§ **What you will do**
Return the stretch from the line with "Notas de Falecimento" through the line with "不同的(de)空間其形式與(yǔ)意蘊就" in the data below, character for character, skipping all pictures.

Material shown: Begin

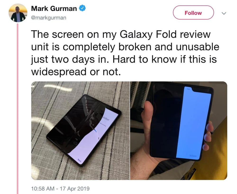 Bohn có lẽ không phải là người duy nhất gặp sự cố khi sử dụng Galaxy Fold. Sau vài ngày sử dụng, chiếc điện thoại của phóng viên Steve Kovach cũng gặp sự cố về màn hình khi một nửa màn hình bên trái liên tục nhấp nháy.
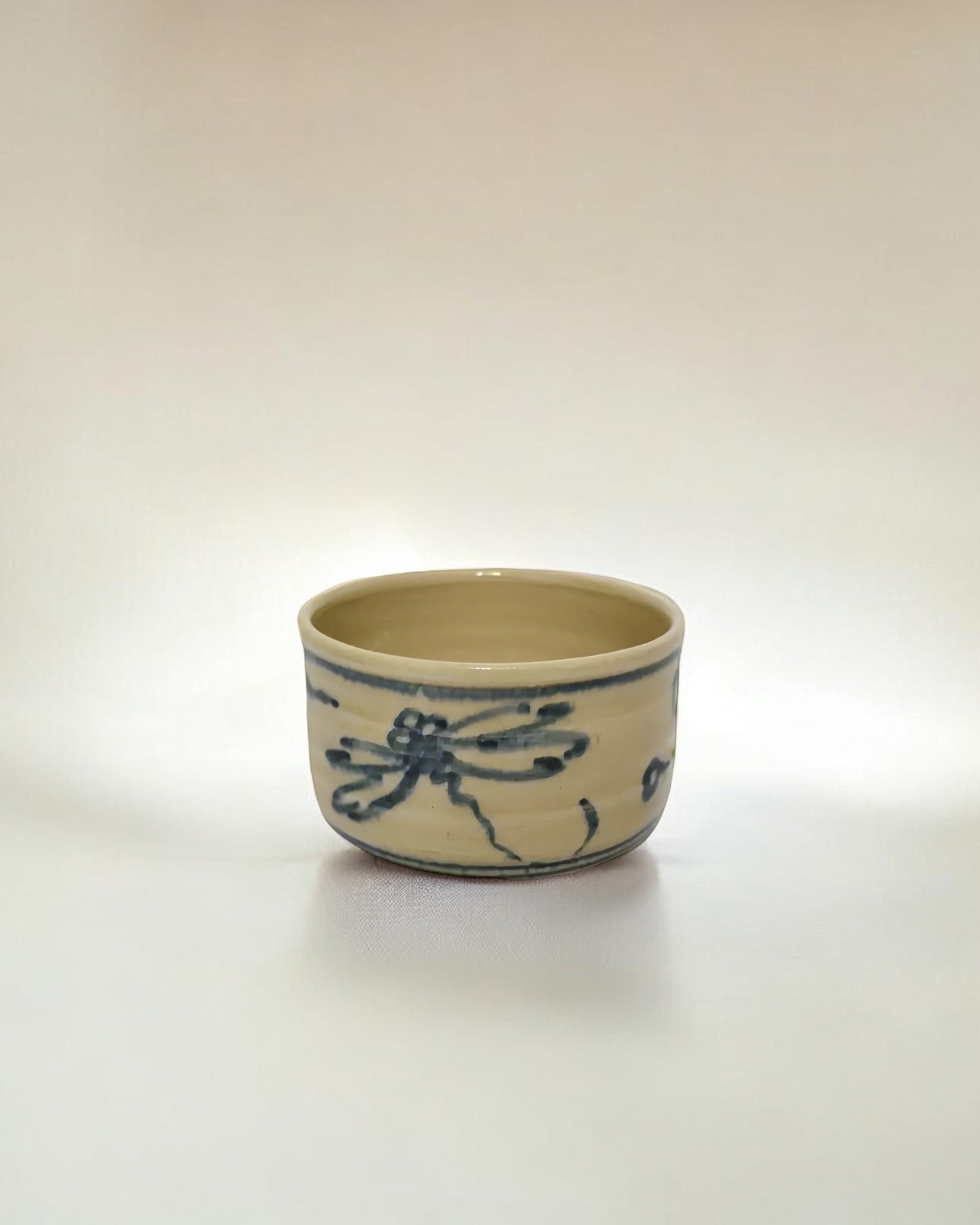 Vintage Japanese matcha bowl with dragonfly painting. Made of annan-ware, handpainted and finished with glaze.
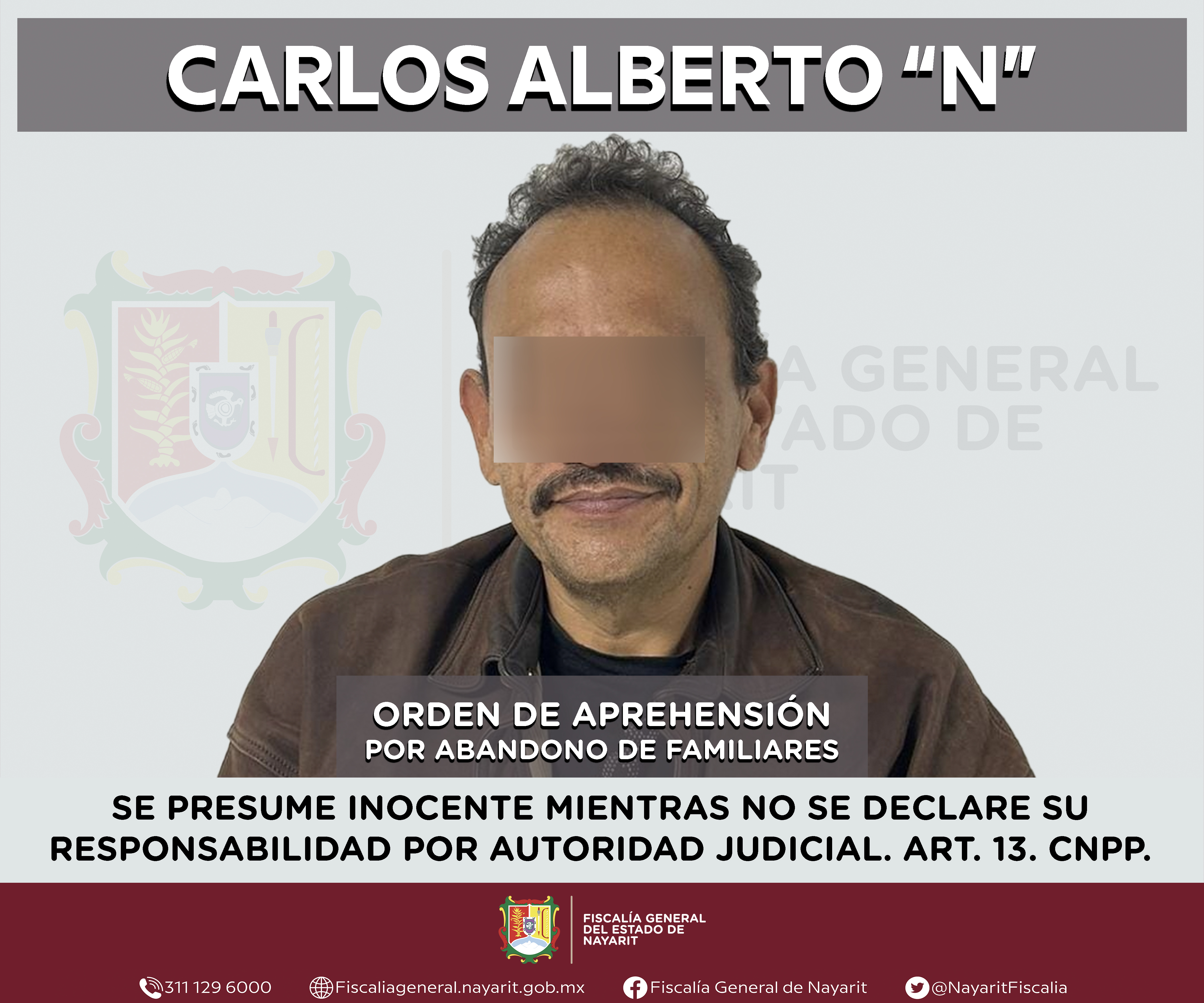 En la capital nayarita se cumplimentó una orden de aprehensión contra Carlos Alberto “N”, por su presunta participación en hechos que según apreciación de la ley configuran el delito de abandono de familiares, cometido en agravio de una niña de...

Material shown: End
Material shown: Begin

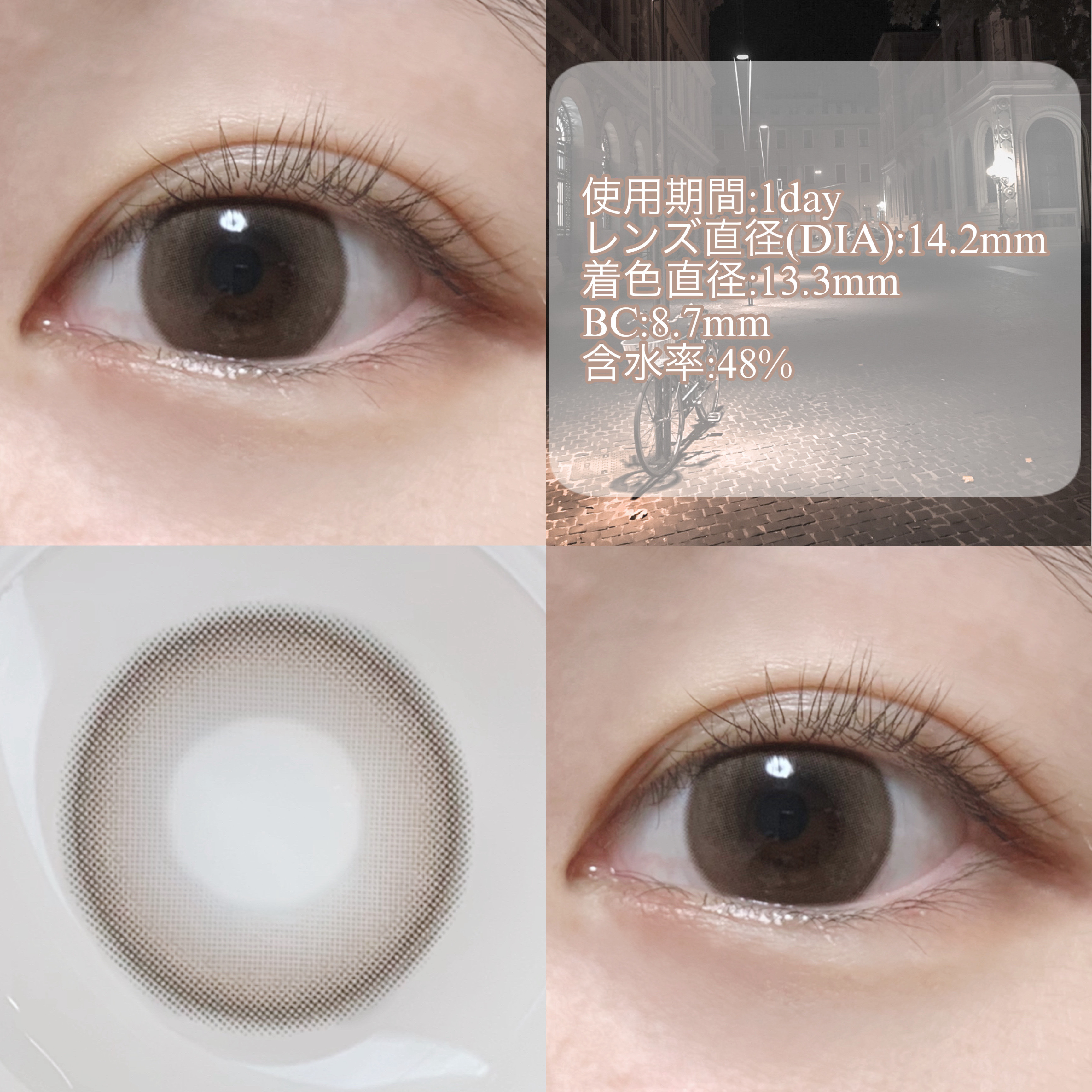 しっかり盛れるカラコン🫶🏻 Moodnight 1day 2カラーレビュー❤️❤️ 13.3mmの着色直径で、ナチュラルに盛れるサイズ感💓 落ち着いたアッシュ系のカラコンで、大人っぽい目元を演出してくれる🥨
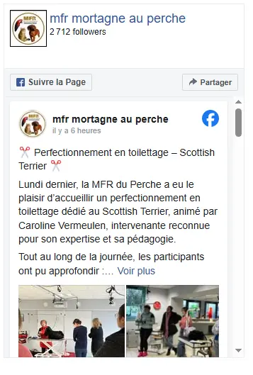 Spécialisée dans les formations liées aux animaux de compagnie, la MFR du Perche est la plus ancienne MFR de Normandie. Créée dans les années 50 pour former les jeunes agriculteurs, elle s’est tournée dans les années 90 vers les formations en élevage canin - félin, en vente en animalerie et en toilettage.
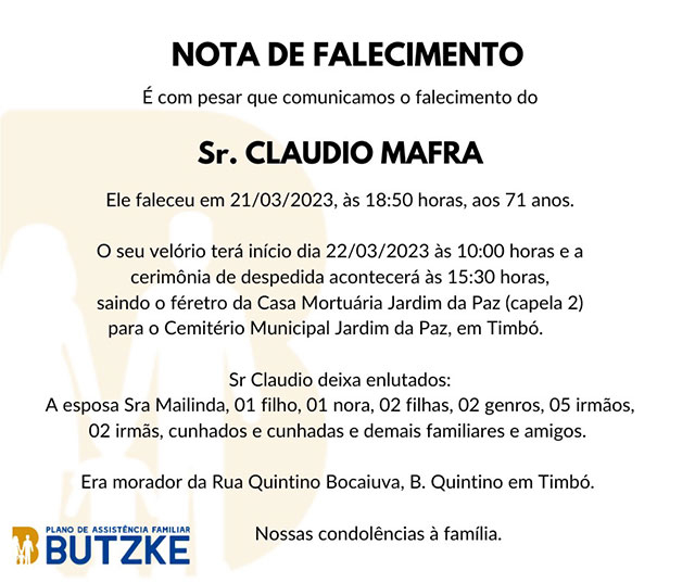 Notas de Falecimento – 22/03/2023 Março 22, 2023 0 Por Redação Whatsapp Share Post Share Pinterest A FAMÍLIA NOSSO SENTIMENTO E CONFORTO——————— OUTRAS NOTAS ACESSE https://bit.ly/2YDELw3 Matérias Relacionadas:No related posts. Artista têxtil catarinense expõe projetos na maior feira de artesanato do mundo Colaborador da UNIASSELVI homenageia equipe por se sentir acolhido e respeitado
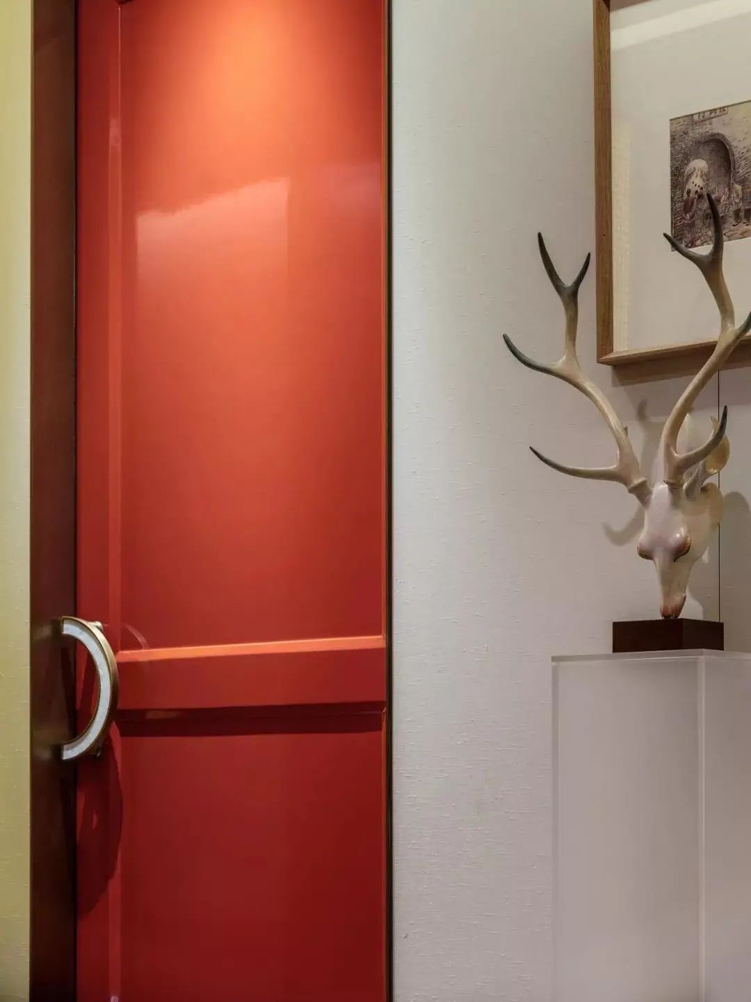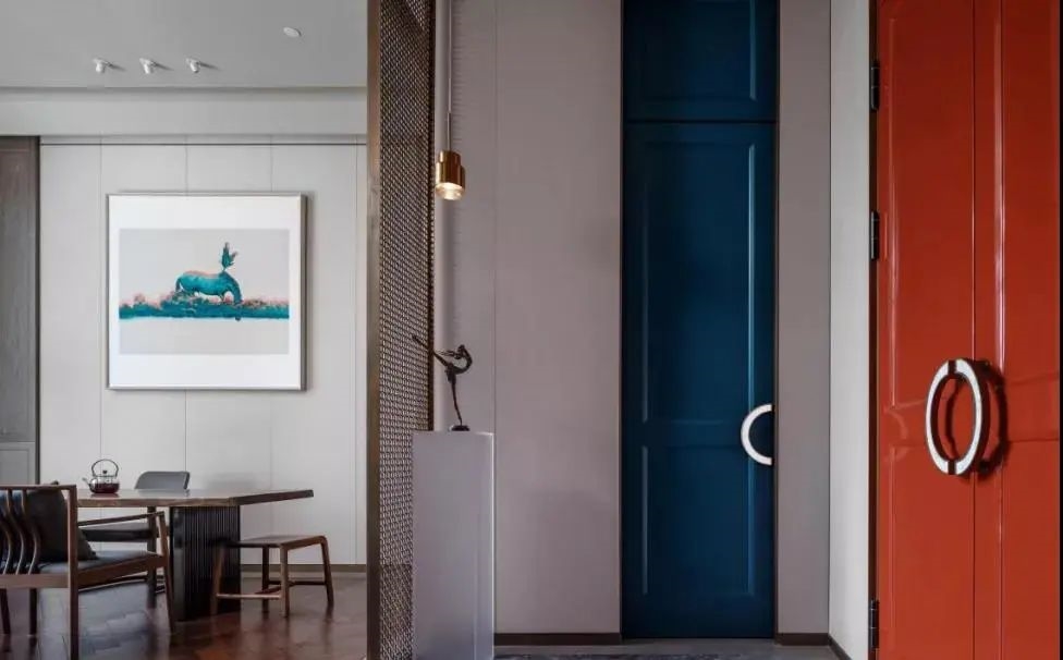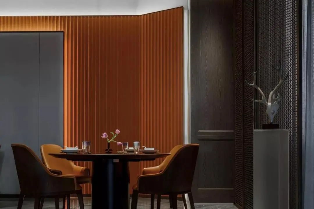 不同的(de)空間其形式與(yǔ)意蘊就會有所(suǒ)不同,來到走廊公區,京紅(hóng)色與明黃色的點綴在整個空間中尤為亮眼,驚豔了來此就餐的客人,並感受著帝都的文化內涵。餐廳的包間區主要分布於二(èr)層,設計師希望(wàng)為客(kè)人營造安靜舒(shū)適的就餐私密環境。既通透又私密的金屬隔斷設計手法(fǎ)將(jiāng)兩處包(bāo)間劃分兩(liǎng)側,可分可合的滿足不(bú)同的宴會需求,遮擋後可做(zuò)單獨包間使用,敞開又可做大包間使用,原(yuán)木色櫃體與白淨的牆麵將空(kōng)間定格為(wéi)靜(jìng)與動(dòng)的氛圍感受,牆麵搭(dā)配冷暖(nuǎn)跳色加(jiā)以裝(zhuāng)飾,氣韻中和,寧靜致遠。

Material shown: End

§ **Response to this exercise**
 Notas de Falecimento – 22/03/2023 Março 22, 2023 0 Por Redação Whatsapp Share Post Share Pinterest A FAMÍLIA NOSSO SENTIMENTO E CONFORTO——————— OUTRAS NOTAS ACESSE https://bit.ly/2YDELw3 Matérias Relacionadas:No related posts. Artista têxtil catarinense expõe projetos na maior feira de artesanato do mundo Colaborador da UNIASSELVI homenageia equipe por se sentir acolhido e respeitado
 不同的(de)空間其形式與(yǔ)意蘊就會有所(suǒ)不同,來到走廊公區,京紅(hóng)色與明黃色的點綴在整個空間中尤為亮眼,驚豔了來此就餐的客人,並感受著帝都的文化內涵。餐廳的包間區主要分布於二(èr)層,設計師希望(wàng)為客(kè)人營造安靜舒(shū)適的就餐私密環境。既通透又私密的金屬隔斷設計手法(fǎ)將(jiāng)兩處包(bāo)間劃分兩(liǎng)側,可分可合的滿足不(bú)同的宴會需求,遮擋後可做(zuò)單獨包間使用,敞開又可做大包間使用,原(yuán)木色櫃體與白淨的牆麵將空(kōng)間定格為(wéi)靜(jìng)與動(dòng)的氛圍感受,牆麵搭(dā)配冷暖(nuǎn)跳色加(jiā)以裝(zhuāng)飾,氣韻中和,寧靜致遠。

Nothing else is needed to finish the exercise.